Abstract:To mitigate the challenges arising from partial occlusion in human pose keypoint based pedestrian detection methods , we present a novel pedestrian pose keypoint completion method called the separation and dimensionality reduction-based generative adversarial imputation networks (SDR-GAIN). Firstly, we utilize OpenPose to estimate pedestrian poses in images. Then, we isolate the head and torso keypoints of pedestrians with incomplete keypoints due to occlusion or other factors and perform dimensionality reduction to enhance features and further unify feature distribution. Finally, we introduce two generative models based on the generative adversarial networks (GAN) framework, which incorporate Huber loss, residual structure, and L1 regularization to generate missing parts of the incomplete head and torso pose keypoints of partially occluded pedestrians, resulting in pose completion.

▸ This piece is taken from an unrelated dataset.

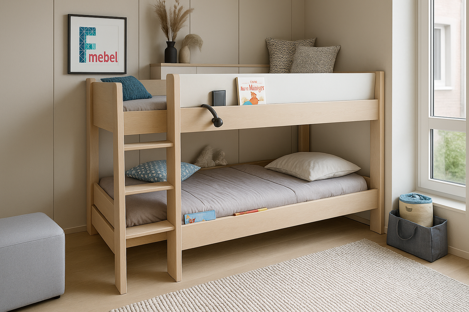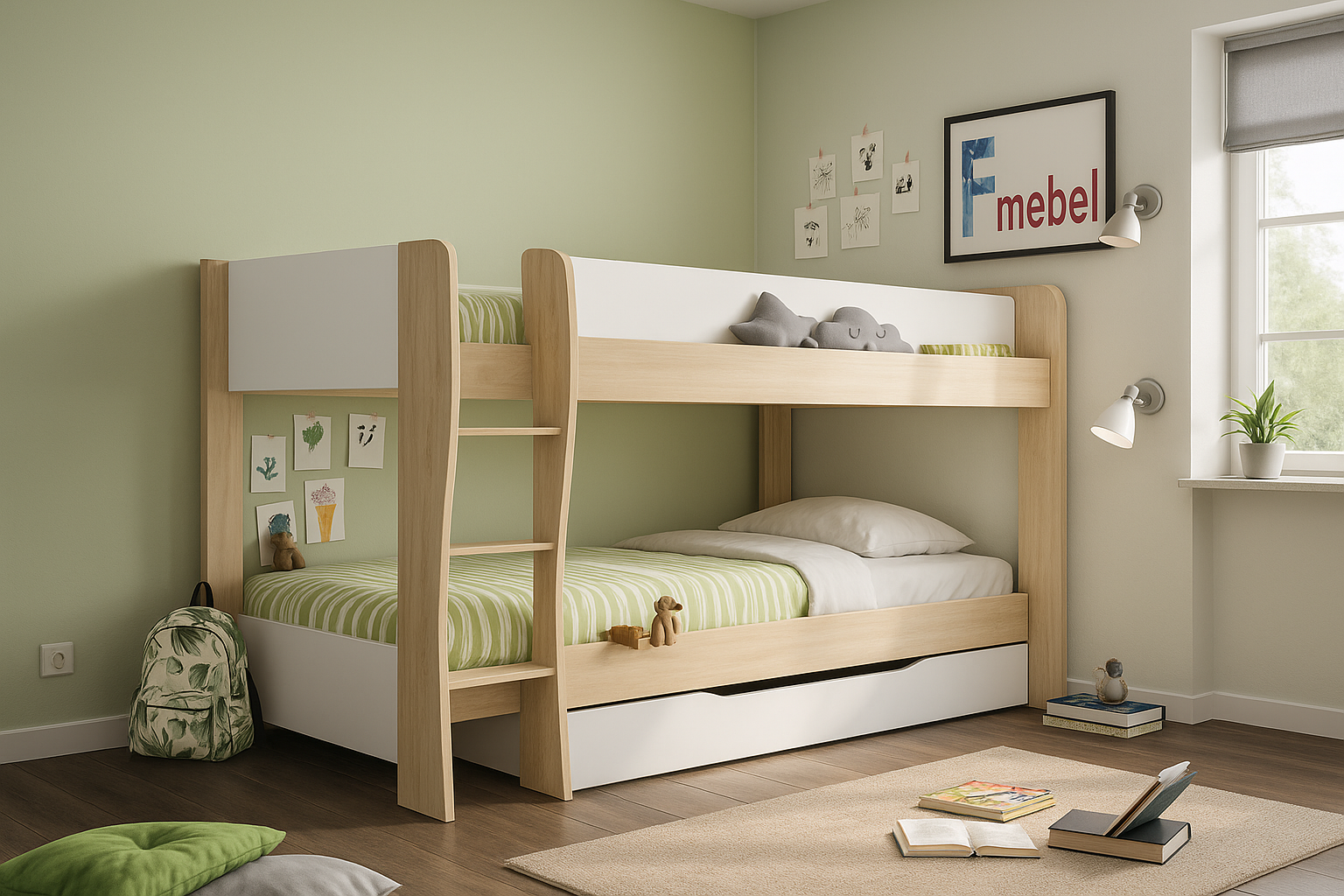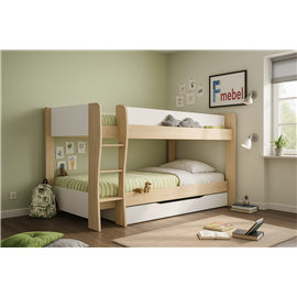 2. Стандарт: ДСП 18 мм, кромка 2 и 1 мм, телескопические направляющие, классические петли, присутствуют декоративные вырезы, скругления в столах, полочках, бортах, ступеньках. Мебель выглядит как на фото и является более интересной и комфортной. Ящики закрываются более тихо и плавно. Используется высококачественная фурнитура ТМ Muller, которая имеет гарантию 10 лет. Рекомендованная нагрузка на спальное место до 120 кг.
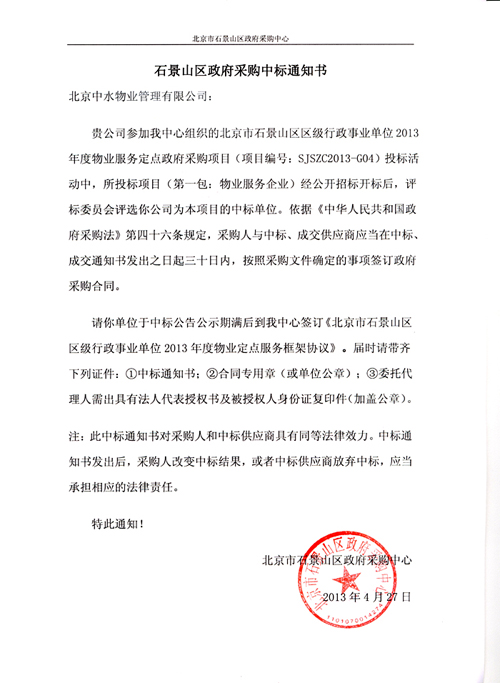 成功入围北京市石景山区区级行政事业单位2013年度物业服务定点供应商

Our experiments on MS COCO and JAAD datasets demonstrate that SDR-GAIN outperforms basic GAIN framework, interpolation methods PCHIP and MAkima, machine learning methods k-NN and MissForest in terms of pose completion task. Furthermore, the SDR-GAIN algorithm exhibits a remarkably short running time of approximately 0.4ms and boasts exceptional real-time performance. As such, it holds significant practical value in the domain of autonomous driving, wherein high system response speeds are of paramount importance. Specifically, it excels at rapidly and precisely capturing human pose key points, thus enabling an expanded range of applications for pedestrian detection tasks based on pose key points, including but not limited to pedestrian behavior recognition and prediction.